PROVIDED INFORMATION: Begin

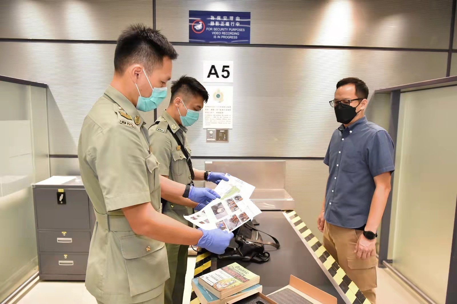 海關人員從一名旅客的行李內發現懷疑與恐怖活動有關的物品。
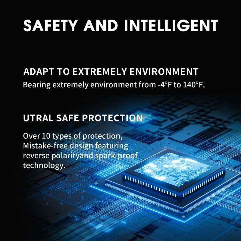 • 【10 Intelligent Secure Protection & Stable Operation】: Our car jump starter have 10 protection systems (reverse polarity, reverse charge, over discharge, reverse connection, short circuit, over charge, over current, over heat, spark resistance). High Power jump pack for car battery ensure your safety during using and the jump pack can work in -22°F ~ 140°F, even in any extreme weather.
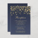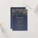 Tarjeta plana de recepción de boda con confeti de efecto dorado sobre fondo gris azulado
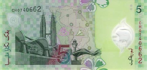 Малазийские ринггит. Купюра номиналом в 5 MYR, реверс.
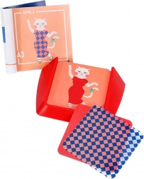 - Stojan na karty, 4 šablony postaviček, 18 karet se vzory, knížka s úkoly
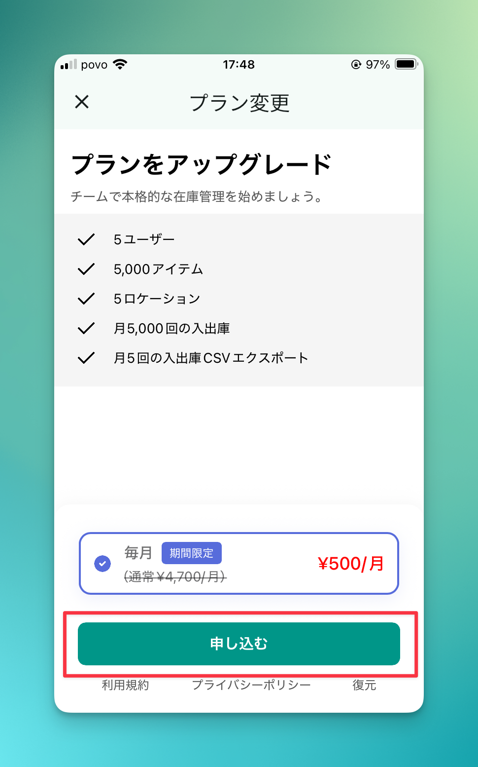 - 選択内容に間違いがなければ、「申し込む」ボタン をタップします。
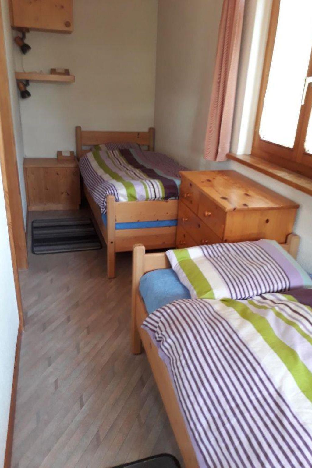 3 room apartment with 2 bedrooms (55m2). Each bedroom has 2 beds, in one room the beds can be pushed together, seperate childbed for smaller children Eat-in kitchen, table with corner bench, dishwasher, refrigerator, various kitchen materials (raclette, fondue). Living room with sofa, TV, books, toys for childern and a fold-away bed. Bathroom with shower, toilet, hairdryer. Washingmachine, tumbler and Seccomat in the basement. Large balcony with a mountain panorama view of Bunder, Engstligen and Chuenisbergli, garden furniture and electric grill. Parking space available. Ski and bike room. 5 minutes walking distance to the village and the cable car station "Dorf" 3 minutes walking distance to the puplic outdoor pool "Gruebi" (free entry).
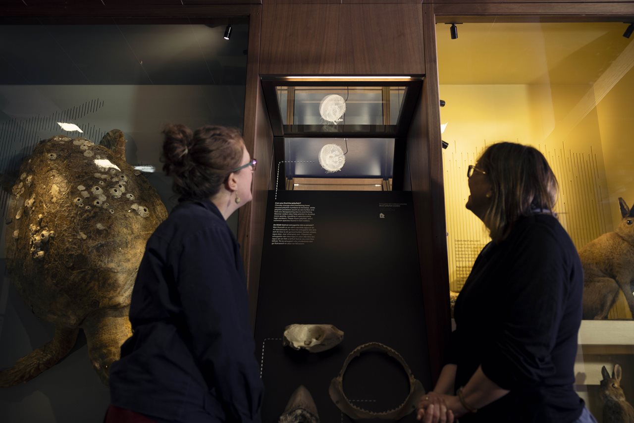 The moon jellyfish model is located at The Wonder Cabinet on the Ground floor of the Museum. When you visit The Wonder Cabinet you will see predators and prey, side by side such as the huge loggerhead sea turtle, alongside one of its favourite food, the moon jellyfish!
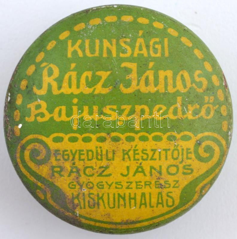 https://www.darabanth.com/en/253-Online-auction/253.0/Other-collectibles/Flea-Market~400021/Regi-gyogyszeres-fem-dobozka--Racz-Janos-Bajuszpedro-felirattal-d-3-cm~II1223313
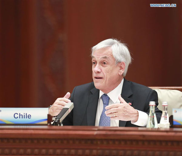 智利总统皮涅拉在会上使用金年会电子游戏app HCS-4338/2M双备份麦克风全数字会议系统发言 |

PROVIDED INFORMATION: End

EXERCISE AIM >> An exact copy of the records above is wanted, with the pictures omitted.

WRITTEN SOLUTION >>
 海關人員從一名旅客的行李內發現懷疑與恐怖活動有關的物品。
 • 【10 Intelligent Secure Protection & Stable Operation】: Our car jump starter have 10 protection systems (reverse polarity, reverse charge, over discharge, reverse connection, short circuit, over charge, over current, over heat, spark resistance). High Power jump pack for car battery ensure your safety during using and the jump pack can work in -22°F ~ 140°F, even in any extreme weather.
 Tarjeta plana de recepción de boda con confeti de efecto dorado sobre fondo gris azulado
 Малазийские ринггит. Купюра номиналом в 5 MYR, реверс.
 - Stojan na karty, 4 šablony postaviček, 18 karet se vzory, knížka s úkoly
 - 選択内容に間違いがなければ、「申し込む」ボタン をタップします。
 3 room apartment with 2 bedrooms (55m2). Each bedroom has 2 beds, in one room the beds can be pushed together, seperate childbed for smaller children Eat-in kitchen, table with corner bench, dishwasher, refrigerator, various kitchen materials (raclette, fondue). Living room with sofa, TV, books, toys for childern and a fold-away bed. Bathroom with shower, toilet, hairdryer. Washingmachine, tumbler and Seccomat in the basement. Large balcony with a mountain panorama view of Bunder, Engstligen and Chuenisbergli, garden furniture and electric grill. Parking space available. Ski and bike room. 5 minutes walking distance to the village and the cable car station "Dorf" 3 minutes walking distance to the puplic outdoor pool "Gruebi" (free entry).
 The moon jellyfish model is located at The Wonder Cabinet on the Ground floor of the Museum. When you visit The Wonder Cabinet you will see predators and prey, side by side such as the huge loggerhead sea turtle, alongside one of its favourite food, the moon jellyfish!
 https://www.darabanth.com/en/253-Online-auction/253.0/Other-collectibles/Flea-Market~400021/Regi-gyogyszeres-fem-dobozka--Racz-Janos-Bajuszpedro-felirattal-d-3-cm~II1223313
 智利总统皮涅拉在会上使用金年会电子游戏app HCS-4338/2M双备份麦克风全数字会议系统发言 |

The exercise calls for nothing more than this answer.